An impassioned liberal friend, who thinks my previously expressed intention not to vote at all is immoral under the present circumstances, wrote to me:

I take it you REALLY don’t intend to vote this Nov.! I can't say that I blame you, but I DO want the pleasure and privilege of voting AGAINST Bushie.

To which I responded:


As Jack Benny famously said, "I'm thinking, I'm thinking." Argument for voting for Kerry: a digit against Bush. Argument for voting for a third-party candidate: signal of disaffection from two-party racket. Argument for not voting: signal of radical disaffection from entire iniquitous system. But I shall continue to think.

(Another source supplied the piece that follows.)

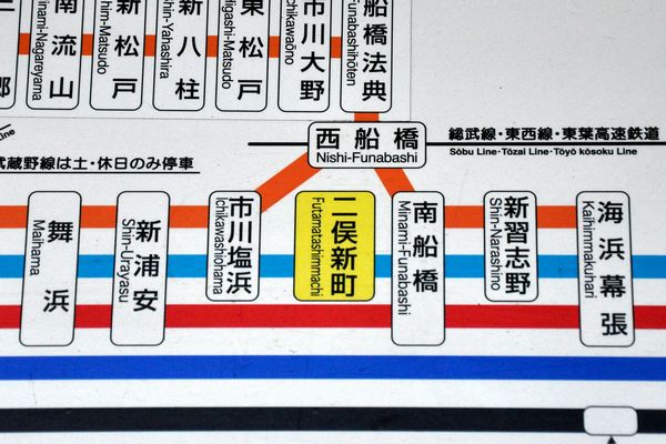JR京葉線二俣新町は「△西船橋-市川塩浜-南船橋」のデルタ線の、ちょうど底辺部分(市川塩浜-南船橋間)にあります。ほかの2辺にあたる西船橋-市川塩浜間と西船橋-南船橋間は、営業上の運転系統は武蔵野線です(分類上は両線とも京葉線)。

If Bush gets back in and keeps the same crowd around him, including the war-mad neocons, we may very rapidly reach a kind of Political Ground Zero where we simply have to change course. We might very well reach that much-to-be-desired turning point rather faster with Bush than with Kerry, because the anti-Bush grass-roots forces, which are now very visible and increasingly well-heeled, will have great reason to oppose him vehemently at every turn, and the Democrats, as a party, will be even angrier than they were after the Gore loss. A mighty engine of frustration at work. Hell hath no fury like a political party kept from the trough.

Whereas, if Kerry gets in, we already know that to start with it will be business as usual. Bush or Kerry: more men needed in Iraq. We must stand up to challenges delivered to us freedom-loving peoples, etc., etc. Let us be reasonable. A draft. And if Iran is somehow maneuvered into firing the first shot to start the next phase of WW III, under either K. or W. there will be no withstanding the argument for the clearly self-evident need to – etc., etc.


But I should still say they are wrong-headed as all get-out because there is no promise for the future in ever-enlarging government no matter who has the executive, and the federal government has clearly outgrown the possibility of being reduced by quiet means. The real need is to shut down D.C., but something tells me that is not up in this next election, worse luck.